Simone Buchholz kommentiert die ARD-Sen dung “Waldis WM-Club“

Liebe ARD-Verantwortlichen, wie alt ist eigentlich die offizielle Zielgruppe Ihres Senders? Einhundertzwei? Seit ich mir gestern "Waldis WM-Club" angesehen habe, fühle ich mich um sechzig Jahre gealtert. Ich denke ernsthaft darüber nach, mir einen Treppenlift zu bestellen. Das hatte eine dermaßen geriatrische "Musikantenstadl"-Anmutung, ich hatte kaum noch die Kraft, umzuschalten.

Waldemar Hartmann will ich das nicht vorwerfen, der ist halt, wie er ist, und meistens finde ich den sogar lustig, nur wahrscheinlich nicht so, wie er denkt. Aber es ist entscheidend, womit man so ein volkstümliches, bayerisches Hö-hö-hö-Urviech kombiniert. In dem Moment, in dem da nicht Harald Schmidt sitzt, sondern sonst wer, wird das alles ganz schnell unfassbar langweilig.

Sonst wer waren gestern Maria Riesch, Michael Rummenigge und Matze Knoop. Maria Riesch, Weltmeisterin und Olympiasiegerin in halsbrecherischen Ski-Disziplinen, ist abseits der Piste in etwa so aufregend wie ein Blumenkohl. Die Frisur sitzt sexy wie bei Mutter Beimer, Talent vor der Kamera geht gegen null. Michael Rummenigge sieht aus wie ein Typ, der versucht, mit einer durchschaubaren Kalle-Rummenigge-Imitation Geld zu verdienen. Wäre im Prinzip kein schlechtes Entertainment, aber dem netten Michael fehlt alles, was seinen Bruder Karl-Heinz auszeichnet: Härte, Kälte, Macht im Blick. Kalle Rummenigge ist ein kristallines Wesen, vor dem man Angst haben kann, Michael möchte man eine Tasse Tee machen. Der vierte Mann am Tisch ist ein Comedian. Das ist sowieso eine schwierige Spezies. Die halten sich ja immer für ungeheuer lustig und können keine zwei Minuten still sitzen, ohne einen einstudierten Witz vom Stapel zu lassen. Und wenn sie doch still da sitzen, wirken sie unecht und geschminkt und verkrampft. Als würde ihnen eine gewisse Zeit ohne blöde Scherze körperliches Unbehagen bringen.

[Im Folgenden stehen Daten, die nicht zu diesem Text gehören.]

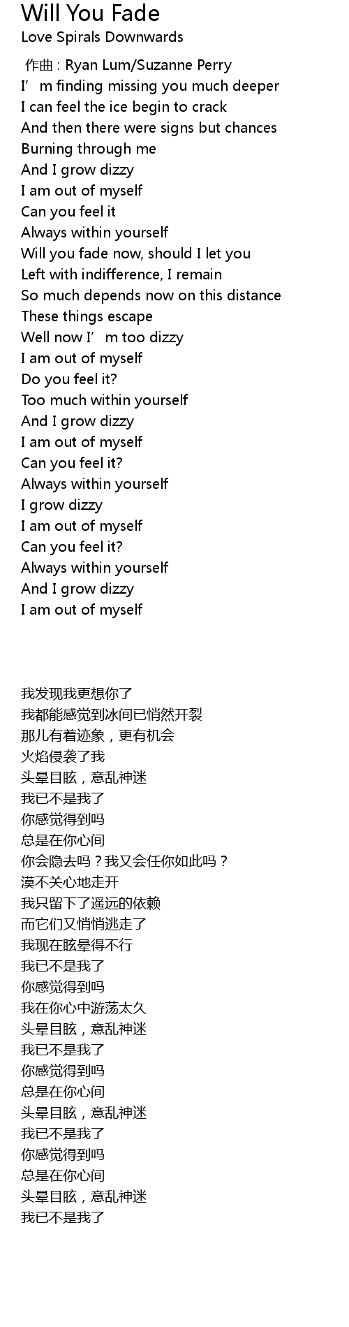 | 歌曲 | Will You Fade |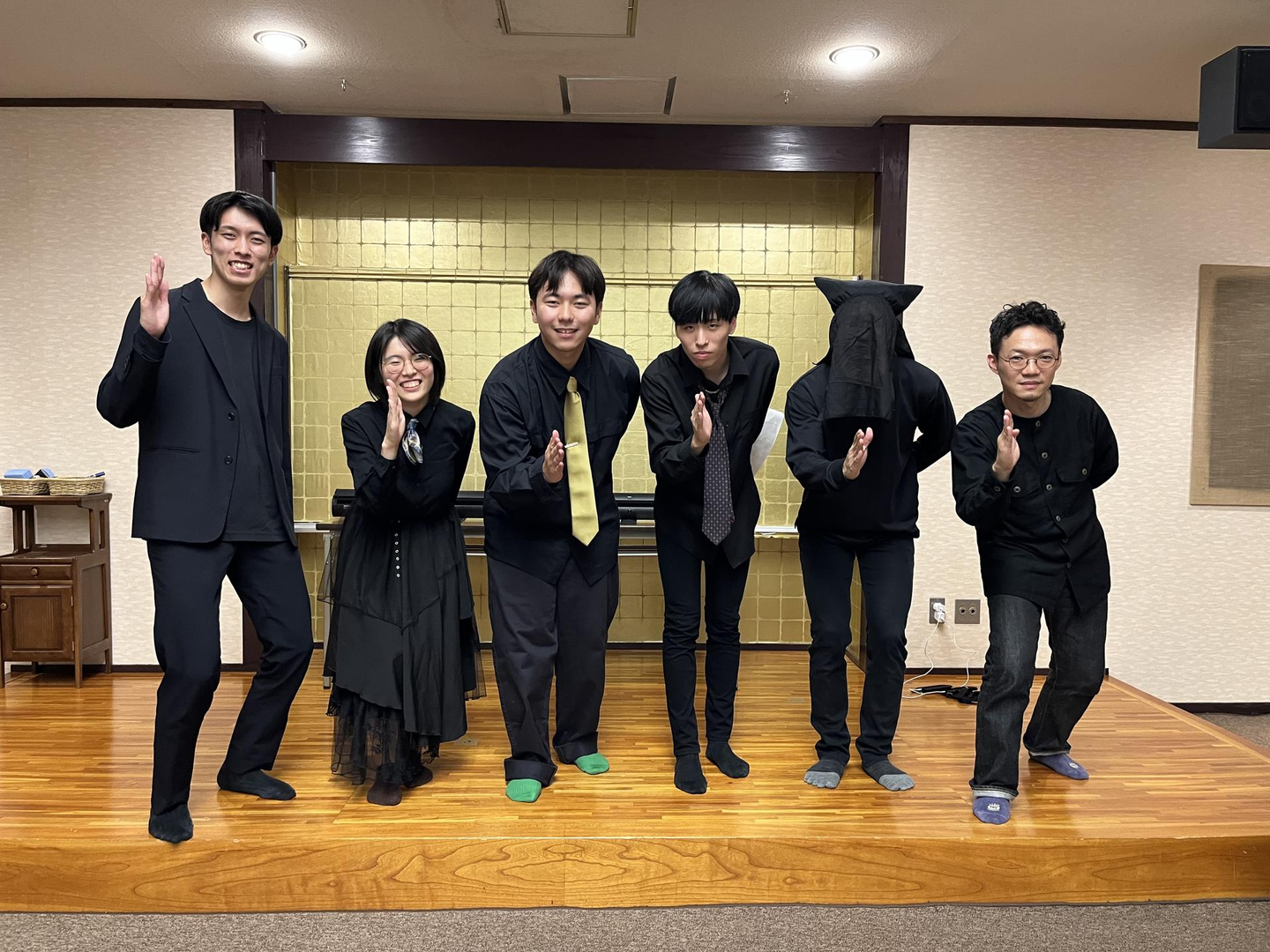集合写真もパチリ。みんな割と浮かれてます。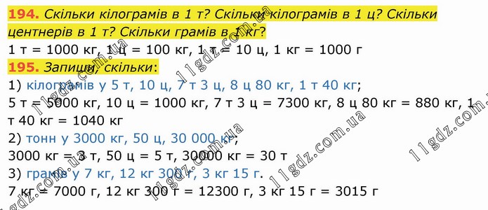 Скільки кілограмів в 1 т? Скільки кілограмів в 1 ц? Скільки центнерів в 1 т? Скільки грамів в 1 кг? 1 т = 1000 кг, 1 ц = 100 кг, 1 т = 10 ц, 1 кг = 1000 г 195. Запиши, скільки: 1) кілограмів у 5 т, 10 ц, 7 т 3 ц, 8 ц 80 кг, 1 т 40 кг; 5 т = 5000 кг, 10 ц = 1000 кг, 7 т 3 ц = 7300 кг, 8 ц 80 кг = 880 кг, 1 т 40 кг = 1040 кг 2) тонн у 3000 кг, 50 ц, 30 000 кг; 3000 кг = 3 т, 50 ц = 5 т, 30000 кг = 30 т 3) грамів у 7 кг, 12 кг 300 г, 3 кг 15 г. 7 кг = 7000 г, 12 кг 300 г = 12300 г, 3 кг 15 г = 3015 г

Der Komödiant, der gestern Waldemar Hartmann zugeteilt war, hieß Matze Knoop. Er trägt eine Aushilfs-Irokesen-Frisur, das soll wohl jugendlichen Appeal ins Bild pütschern, aber es sieht nur provinziell aus. In dem Look machte er dann gestreckte Witze, Waldi Hartmann sagte "sensationell", Frau Riesch und Herr Rummenigge kuckten, als wären sie aus Papier. Und ich musste die ganze Zeit an diese Arztsendung mit Antje-Katrin Kühnemann denken, die meine Oma immer so gerne hatte.